В это время они спускались по лестнице к партеру.
— Я на сцене! — ответил Курбетов.
— Как? На сцене? За кулисами?
— Да, в электрической будке…
— Да что вы? Каким образом?
— Очень просто. Мой приятель, электрический инженер, который сидит в этой будке и управляет освещением, пригласил меня туда…
— Голубчик, доктор, сделайте одолжение, заставьте всю жизнь помнить!
— Что прикажете?
— Никогда в жизни не бывал за кулисами… Сведите меня в эту будку на один акт, только на один акт!.. Понимаете ли, я страстно жажду посмотреть, как там это все… А в особенности его увидеть поближе…
— Кого это?
— Ах, Боже мой! Кого? Рицини, разумеется его! Божественного Рицини!
— Гм!.. Пожалуй, я вас проведу в будку. Надеюсь, что электрический инженер против этого ничего иметь не будет. Пойдемте, только поскорей!..
— Да неужели? Да я не иду, а бегу! Я просто в восторге, я… я… я не знаю… я в экстазе… — лепетал совершенно умиленный Фонтанский.

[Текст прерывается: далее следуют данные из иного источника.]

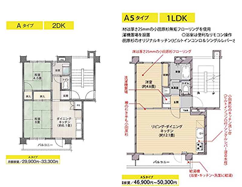 次に住戸について。ここでは入居率の改善のため、2つのリノベーションが行われている。それによって団地の魅力を向上させ、入居を促進させようというわけだ。ひとつ目のリノベーションは住戸そのものの改修。もともとの間取りは和室6畳、4.5畳にDK約6畳の2DK、専有面積は36~37m2前後。それをあらかじめ改修された複数の住戸プランから選ぶセレクトリノベーション、自分でDIYできるセルフリノベーションの2つから選べるようにしたのである。

Они быстро прошли один и другой коридор, дали прохожим несколько толчков и сами получили не меньше, вошли в какую-то темную и холодную яму и затем при посредстве узенькой и низенькой двери — оказались за кулисами. При виде нагроможденных одна на другую сценических принадлежностей, Фонтанский остолбенел и растерялся. Густой зеленый лес всей своею тяжестью навалился на русскую печь в мужицкой избе, из-за которой печально выглядывала безжалостно прищемленная мраморная колонна древнего храма. Кусты смешивались с зеркалами, трактирные столики с золочеными кулисами герцогской палаты, и над всем этим царил таинственный полумрак, всюду пахло краской и глиной, и веяло холодом. По сложным и головоломным закоулкам мелькали люди в высоких чулках, в плащах и со шпагами, женщины в коротких юбках и в круглых шапочках, и тут же попадались фигуры в обыкновенных пальто, а также рабочие в рубахах и толстых сапогах. Из оркестра глухо доносились густые звуки настройки, которая, очевидно, находилась в самом деятельном периоде.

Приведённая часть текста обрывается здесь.